__GIVEN DATA__:
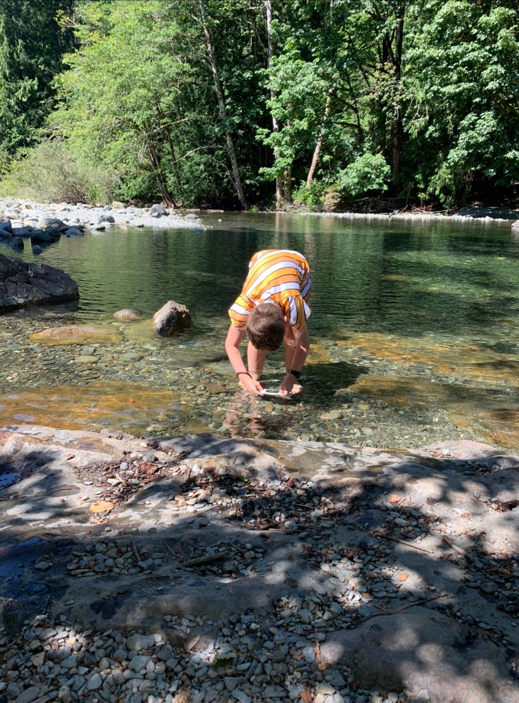 It’s amazing what we as adults don’t give kids enough credit for. Quentin carried his new bike down a dry river bed navigating boulders and slippery logs to reach the lower trail and our destination. It was a lot of work, or it must have been. Looking back all we can remember is laughing at some ridiculous jokes and talking about what we would do when we reached the pool. He used his camera to take some amazing shots of the minnows swimming.
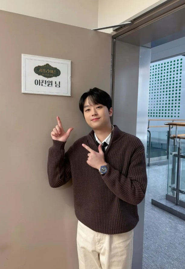 공개된 사진 속 이찬원은 짙은 갈색 니트에 셔츠와 넥타이를 매치한 단정한 스타일로 댄디한 매력을 뽐내며, 자신의 이름이 적힌 대기실 문 앞에서 포즈를 취하고 있다.
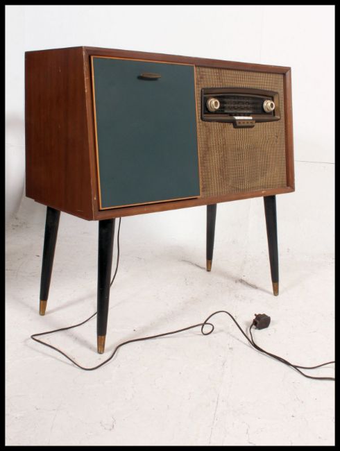 A vintage mid 20th century Bush radiogram having an inset RC121 Garrard deck. The cabinet in teak and vinyl raised on tapering legs H82xW84xD38cm
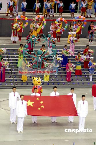 7月29日,第四届全国特奥会在哈尔滨隆重拉开帷幕。本届特奥运动会设田径、游泳、篮球、足球、乒乓球、滚球、羽毛球、轮滑、举重9个竞赛项目和网球表演项目,共10个大项,115小项。比赛从7月29日开始,8月3日结束。其间,还将举行特奥运动员健康项目活动,青少年高峰会议和特奥运动员、家庭领袖及教育领袖论坛等非赛事活动。中新社发 姚庭山 摄

__REQUIRED ACTION__: When repeating the listing, keep each line exact and exclude the pictures.

__TASK ANSWER__:
 It’s amazing what we as adults don’t give kids enough credit for. Quentin carried his new bike down a dry river bed navigating boulders and slippery logs to reach the lower trail and our destination. It was a lot of work, or it must have been. Looking back all we can remember is laughing at some ridiculous jokes and talking about what we would do when we reached the pool. He used his camera to take some amazing shots of the minnows swimming.
 공개된 사진 속 이찬원은 짙은 갈색 니트에 셔츠와 넥타이를 매치한 단정한 스타일로 댄디한 매력을 뽐내며, 자신의 이름이 적힌 대기실 문 앞에서 포즈를 취하고 있다.
 A vintage mid 20th century Bush radiogram having an inset RC121 Garrard deck. The cabinet in teak and vinyl raised on tapering legs H82xW84xD38cm
 7月29日,第四届全国特奥会在哈尔滨隆重拉开帷幕。本届特奥运动会设田径、游泳、篮球、足球、乒乓球、滚球、羽毛球、轮滑、举重9个竞赛项目和网球表演项目,共10个大项,115小项。比赛从7月29日开始,8月3日结束。其间,还将举行特奥运动员健康项目活动,青少年高峰会议和特奥运动员、家庭领袖及教育领袖论坛等非赛事活动。中新社发 姚庭山 摄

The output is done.